▶ _Input for this task_
>>>
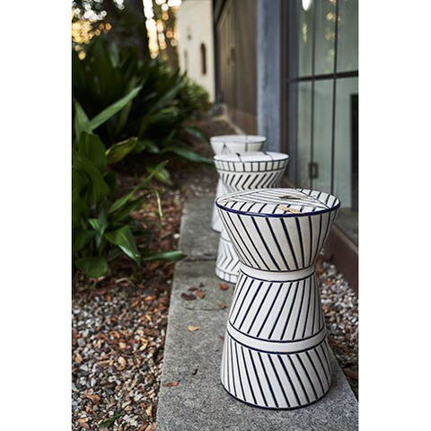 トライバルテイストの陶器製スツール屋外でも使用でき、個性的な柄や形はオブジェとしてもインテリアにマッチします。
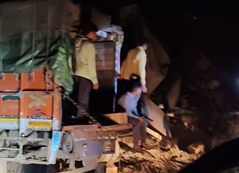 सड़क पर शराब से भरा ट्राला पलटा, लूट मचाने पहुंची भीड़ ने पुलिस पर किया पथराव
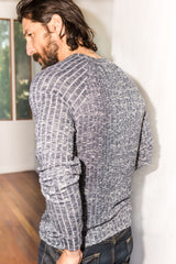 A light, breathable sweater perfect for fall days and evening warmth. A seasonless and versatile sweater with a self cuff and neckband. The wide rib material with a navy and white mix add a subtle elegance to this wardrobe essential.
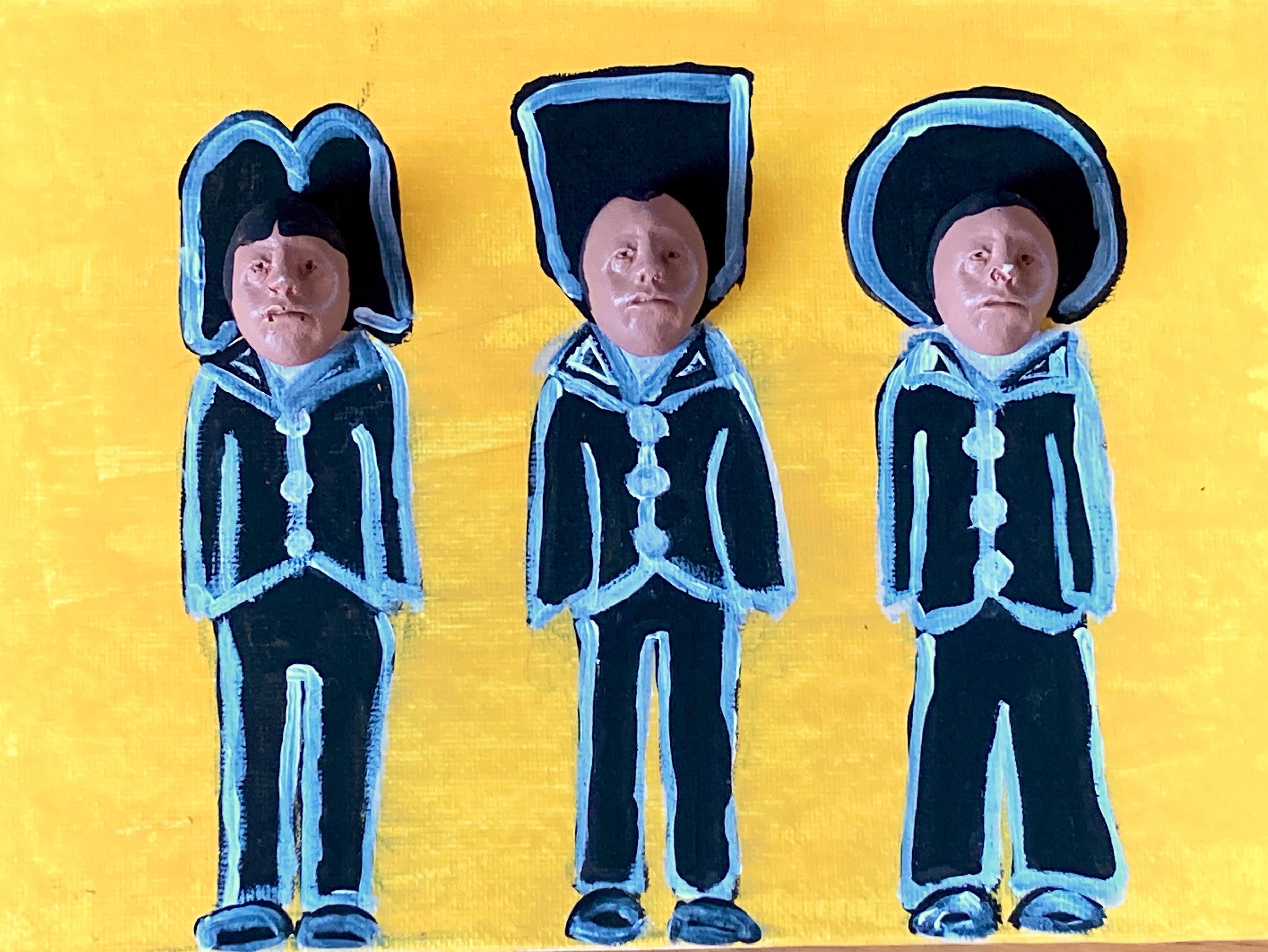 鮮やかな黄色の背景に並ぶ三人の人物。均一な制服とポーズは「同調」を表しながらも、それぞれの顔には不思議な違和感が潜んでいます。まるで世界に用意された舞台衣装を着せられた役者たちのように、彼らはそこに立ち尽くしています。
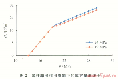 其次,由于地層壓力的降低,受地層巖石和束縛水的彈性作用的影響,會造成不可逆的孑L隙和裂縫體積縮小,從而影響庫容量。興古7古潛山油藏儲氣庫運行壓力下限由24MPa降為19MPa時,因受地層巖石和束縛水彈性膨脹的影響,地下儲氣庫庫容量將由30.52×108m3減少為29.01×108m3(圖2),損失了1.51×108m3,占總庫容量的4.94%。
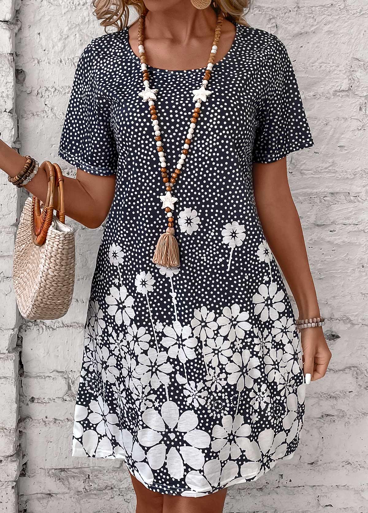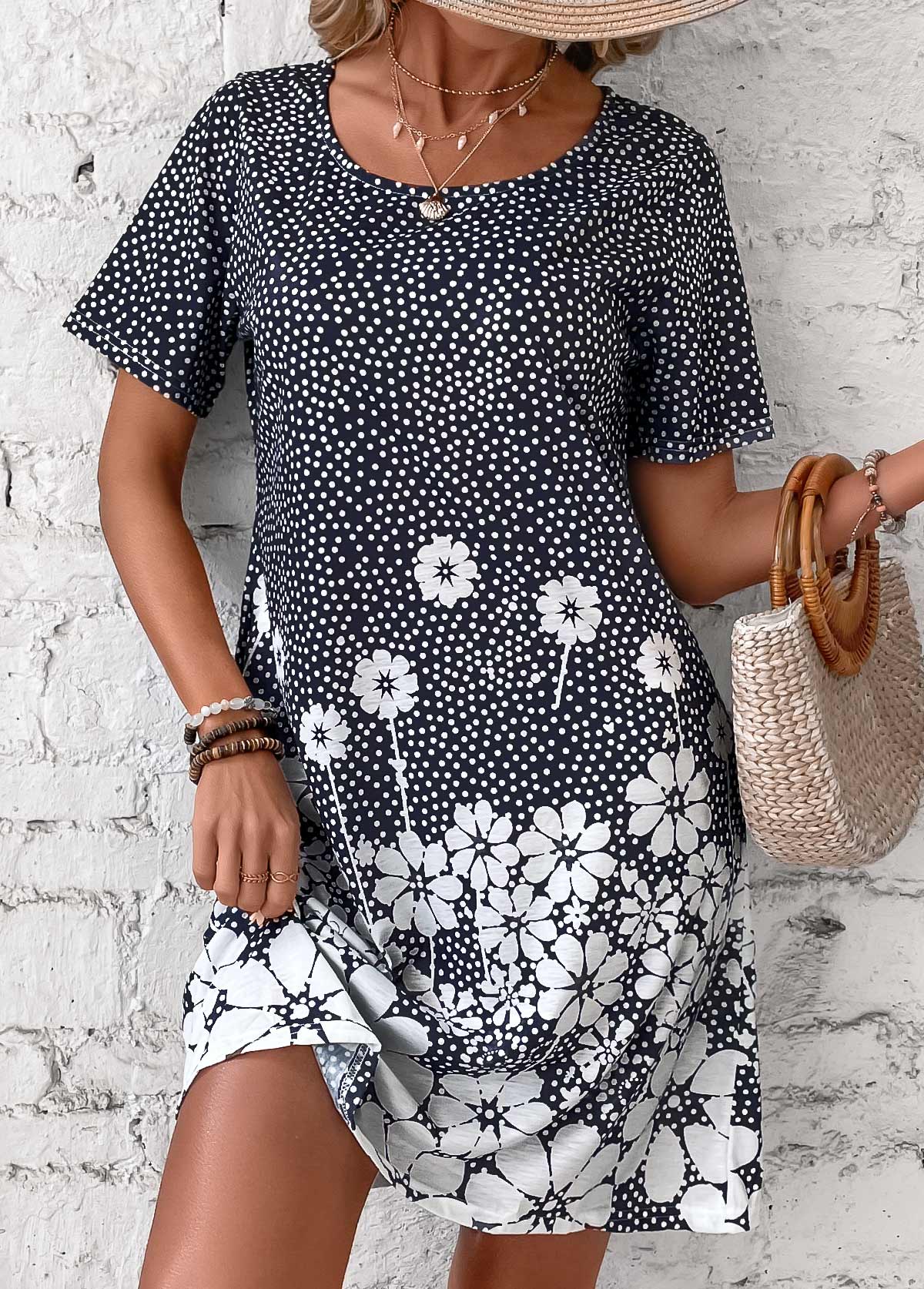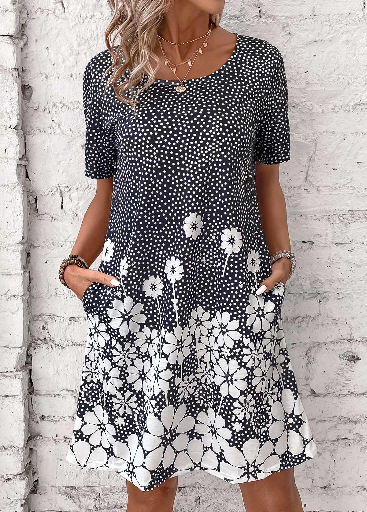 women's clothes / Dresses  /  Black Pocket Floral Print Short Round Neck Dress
<<<
>>>
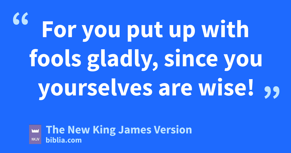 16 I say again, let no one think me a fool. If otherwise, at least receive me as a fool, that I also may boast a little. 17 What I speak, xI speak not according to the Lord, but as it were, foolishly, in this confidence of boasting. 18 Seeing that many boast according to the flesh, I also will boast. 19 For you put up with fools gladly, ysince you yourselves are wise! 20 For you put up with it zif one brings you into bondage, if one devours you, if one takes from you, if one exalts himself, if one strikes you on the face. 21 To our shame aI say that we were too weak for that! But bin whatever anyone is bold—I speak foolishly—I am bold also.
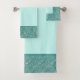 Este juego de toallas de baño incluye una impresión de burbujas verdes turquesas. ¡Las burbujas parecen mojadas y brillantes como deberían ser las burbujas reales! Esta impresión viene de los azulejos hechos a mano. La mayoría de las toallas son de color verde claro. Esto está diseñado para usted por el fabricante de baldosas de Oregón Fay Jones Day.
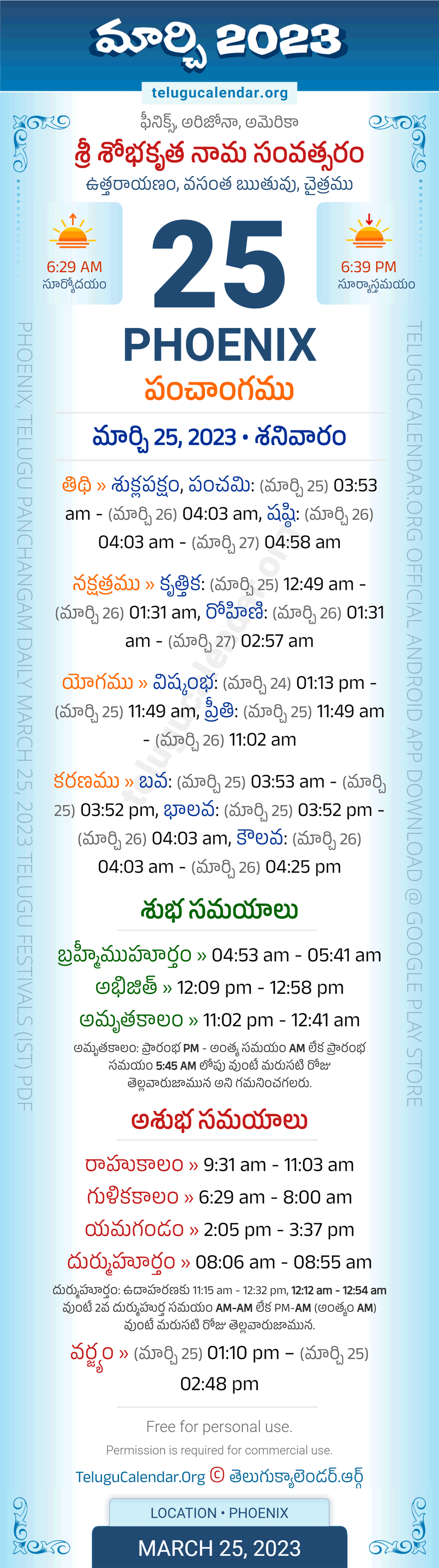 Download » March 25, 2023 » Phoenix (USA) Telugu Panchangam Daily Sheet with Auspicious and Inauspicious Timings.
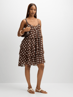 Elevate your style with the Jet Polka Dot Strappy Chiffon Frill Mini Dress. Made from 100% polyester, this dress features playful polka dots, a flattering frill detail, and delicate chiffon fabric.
<<<
▶ _What you have to do_
Taking the material above, give again exactly the lines from the one holding "トライバルテイストの陶器製ス" through the one holding "A light, breathable", with both ends and without pictures.

▶ _Exercise response_
 トライバルテイストの陶器製スツール屋外でも使用でき、個性的な柄や形はオブジェとしてもインテリアにマッチします。
 सड़क पर शराब से भरा ट्राला पलटा, लूट मचाने पहुंची भीड़ ने पुलिस पर किया पथराव
 A light, breathable sweater perfect for fall days and evening warmth. A seasonless and versatile sweater with a self cuff and neckband. The wide rib material with a navy and white mix add a subtle elegance to this wardrobe essential.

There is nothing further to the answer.